Why anarchy has come to America

Nov 27, 2021 by

by Mary Harrington, UnHerd:

Public order has been sacrificed on the altar of empathy.

As Britain is only a distant province of America’s soft-power empire, it’s been relatively easy to turn the volume down on Kyle Rittenhouse discourse. Even so, it’s been unsettling to watch the same events assembled into two irreconcilable stories.

In one, a white supremacist shot anti-racism protesters in cold blood, and was acquitted because of his skin colour. In the other, a teenager tried to defend a community from violence, and ended up shooting two criminal lunatics in self-defence.

But why are these stories so irreconcilable? It’s a good rule of thumb that where people find it impossible to agree, it’s usually because there’s a fundamental difference in their assumptions about the world.

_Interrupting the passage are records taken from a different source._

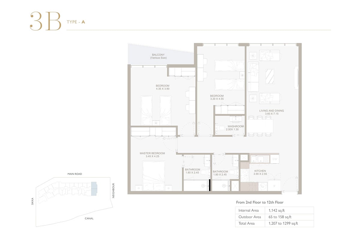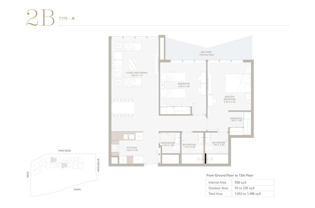 Reportage Perla 3 has some of the most incredible studios, one- to three-bedroom apartments ranging from 400 to 1447 sq. ft., whereas the luxury four-bedroom townhouses are available from 2093 to 2532 sq. ft. area. It elevates the level of class and standard that your lifestyle maintains to a new level altogether.
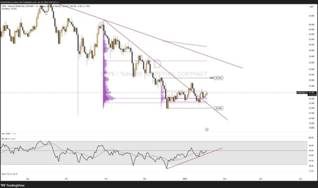 • HYPE is consolidating between $24.6 and $26.26, signaling balance rather than trend
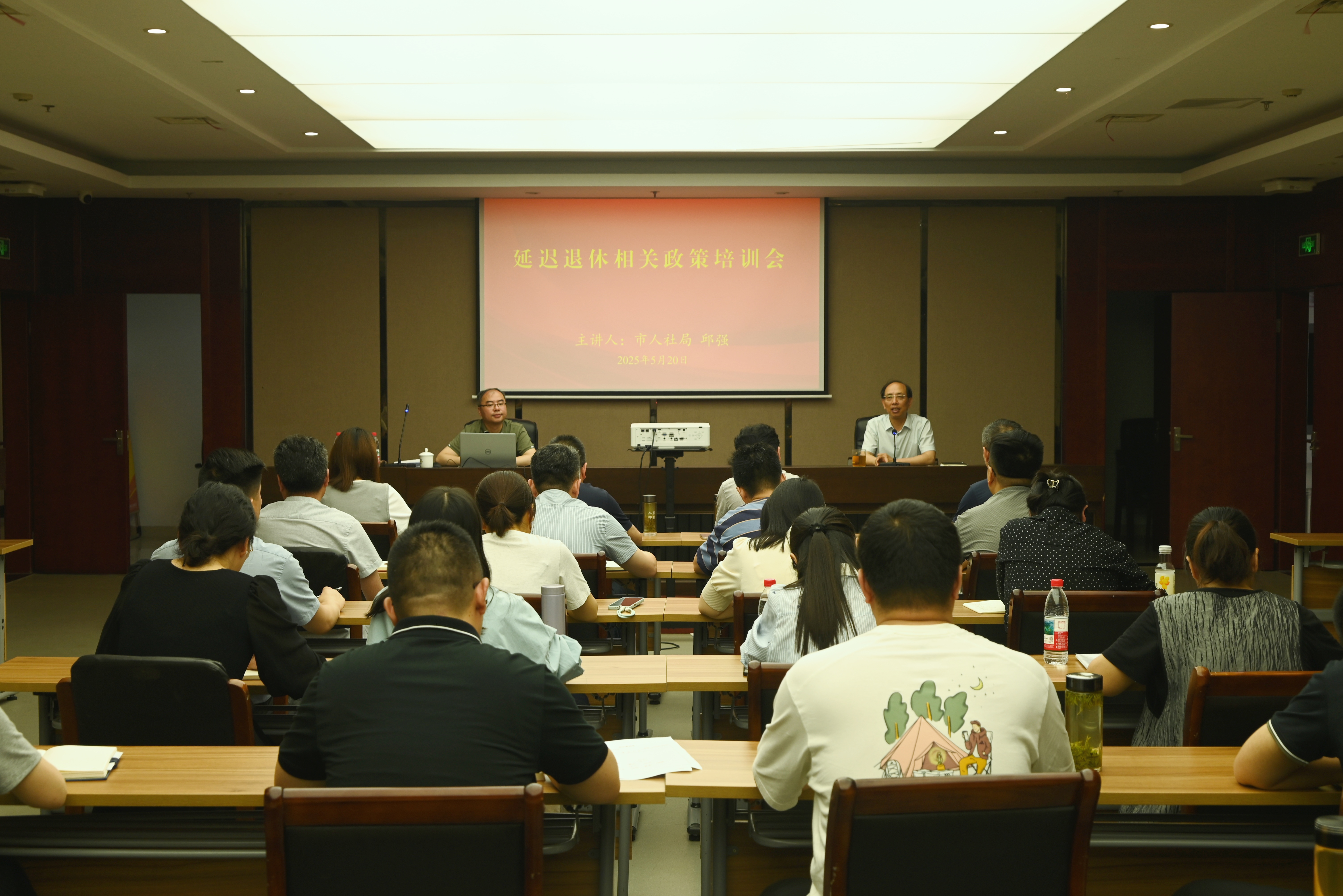 為進一步貫徹落實漸進式延遲法定退休年齡相關政策,確保全體員工能夠清晰理解政策內(nèi)容及實施細則,5月20日,揚汽集團組織開展“延遲退休政策”專題培訓;顒友埵腥松缇逐B(yǎng)老處二級主任科員邱強授課,集團黨委副書記、紀委書記、工會主席陳家宏主持。集團各部室、單位相關人員、青年骨干、后備干部等40余人參加培訓。
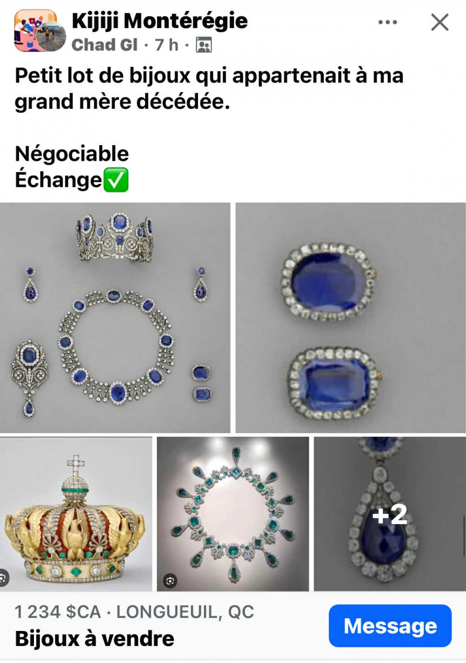 Cette fausse annonce de vente a repris les photos des bijoux volés, comme si c’était les voleurs eux-mêmes qui essayaient de revendre leur butin!

The Rittenhouse argument is just such a case. It’s powered by a profound disagreement about human nature: one that fuels many of the most intractable modern culture wars, from Mumsnet bunfights about babycare to arguments about classroom discipline and what the police force is for.

Are humans naturally good given the right circumstances? Or are we flawed and in need of threats and guidelines to keep us on the straight and narrow? The split is a legacy of radical ideas stretching back to the revolutionary 18th century.